Mr Clarke said: "I found it inexplicable that the prison had been unable to secure funding for equipment such as a body scanner to help them stop drugs entering the prison."

'Likely to fail'

Last year's inspection found the prison was "fundamentally unsafe", with many prisoners and staff living and working in fear.

But following the latest visit, Mr Clarke said relationships between staff and prisoners had improved and the prison felt "more ordered and controlled".

Of the nine recommendations looked at, inspectors found reasonable progress had been made in five and insufficient progress in three.

Image source, HM Inspectorate of Prisons
Image caption,

An inspection in 2018 found flooded and damaged cells

It also found no meaningful progress had been made over a recommendation to implement a strategy to help sex offenders address their behaviour.

Mr Clarke warned its sex offenders strategy was "unrealistic and likely to fail" as it had no support from the wider HM Prison and Probation Service.

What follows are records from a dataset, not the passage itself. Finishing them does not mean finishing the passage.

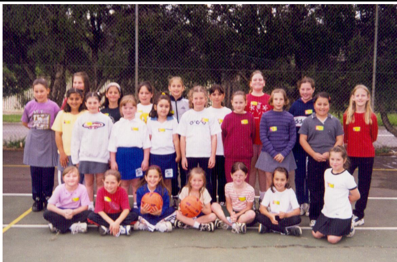
Netta 1999 - Do you recognise any of these netballers/umpires?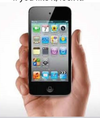
"If you like it, lock it!"

Unfortunately, our Lobo community is not immune to property theft. The message we promote is "if you like it, lock it". When using our athletic lockers, always lock your property. Our security staff will periodically check our PE locker-room area and secure any unsecured lockers with a district lock.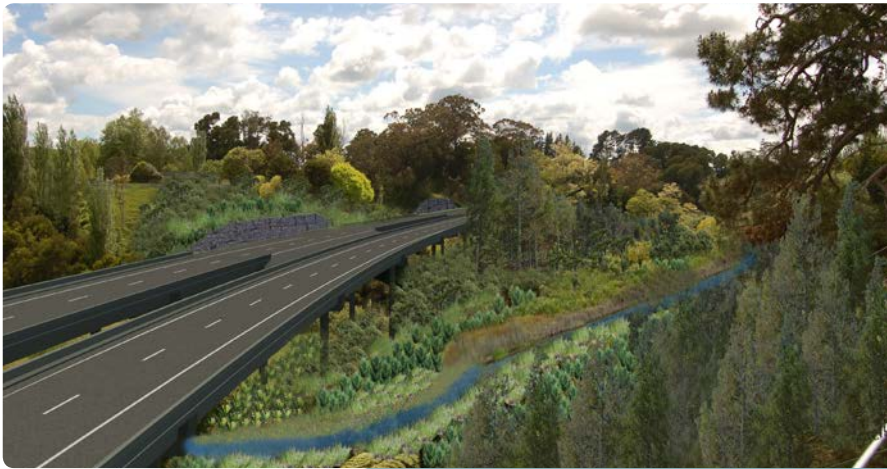
Artists impression of Mangaone gully crossing in Tamahere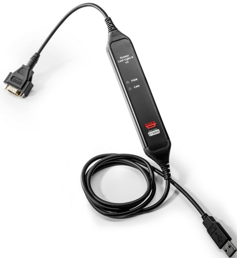
Figure 1: Kvaser Leaf Light R v2

Kvaser Leaf Light R v2 is a reliable low cost product. In hostile environments where dust and water are the norm, the IP65 rated housing assures reliable protection. With a time stamp precision of 100 microseconds it handles transmission and reception of standard and extended CAN messages on the bus. It is compatible with applications that use Kvaser's CANlib.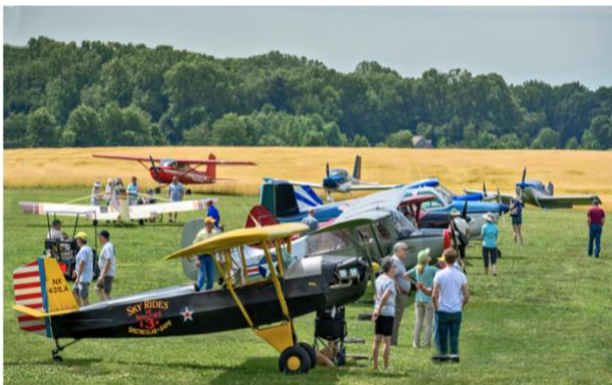
Massey Open Hangar Party & Fly-in Saturday, December 3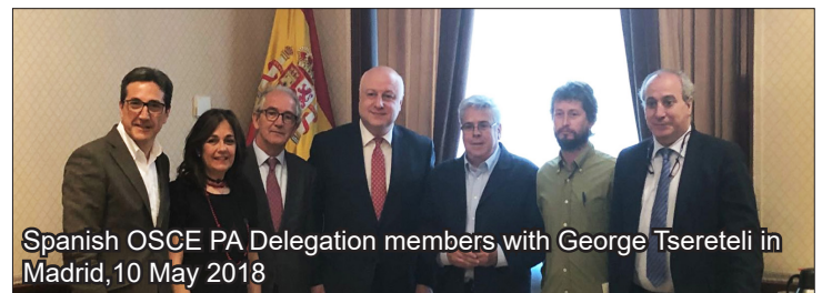
Spanish OSCE PA Delegation members with George Tsereteli in Madrid, 10 May 2018

OSCE PA President George Tsereteli (Georgia) held discussions on 9-10 May in Lisbon and Madrid, meeting, respectively, with Portuguese Secretary of State of Foreign Affairs and Cooperation Teresa Ribeiro and the Spanish Delegation to the OSCE PA. Topics included the upcoming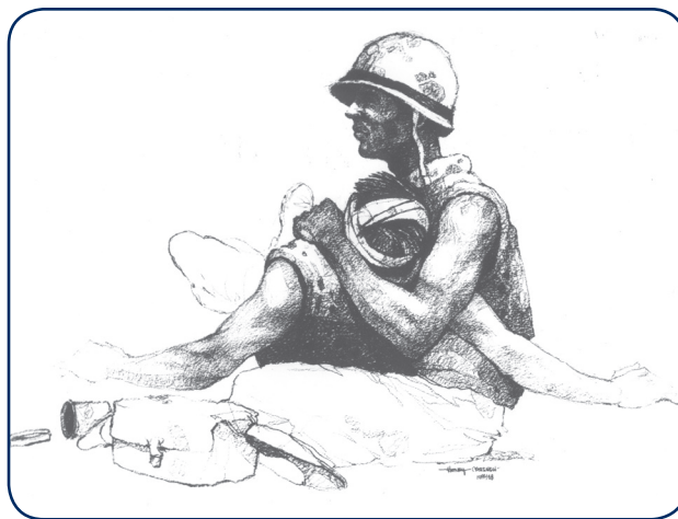
by Henry Casselli

He said: "There is no doubt that the prison faces a long journey of recovery. It is very clear that the governor, through his vision and very visible leadership, has energised the staff and undoubted pride and optimism are emerging around the prison."

Roger Swindells, chair of the prison's independent monitoring board, said plans put in place to support sex offenders, needed to be "monitored and challenged".

He said there had been "significant improvement in the way in which acts of violence are now investigated" and added the board could see "visible and tangible efforts to both disrupt the supply of drugs into the prison".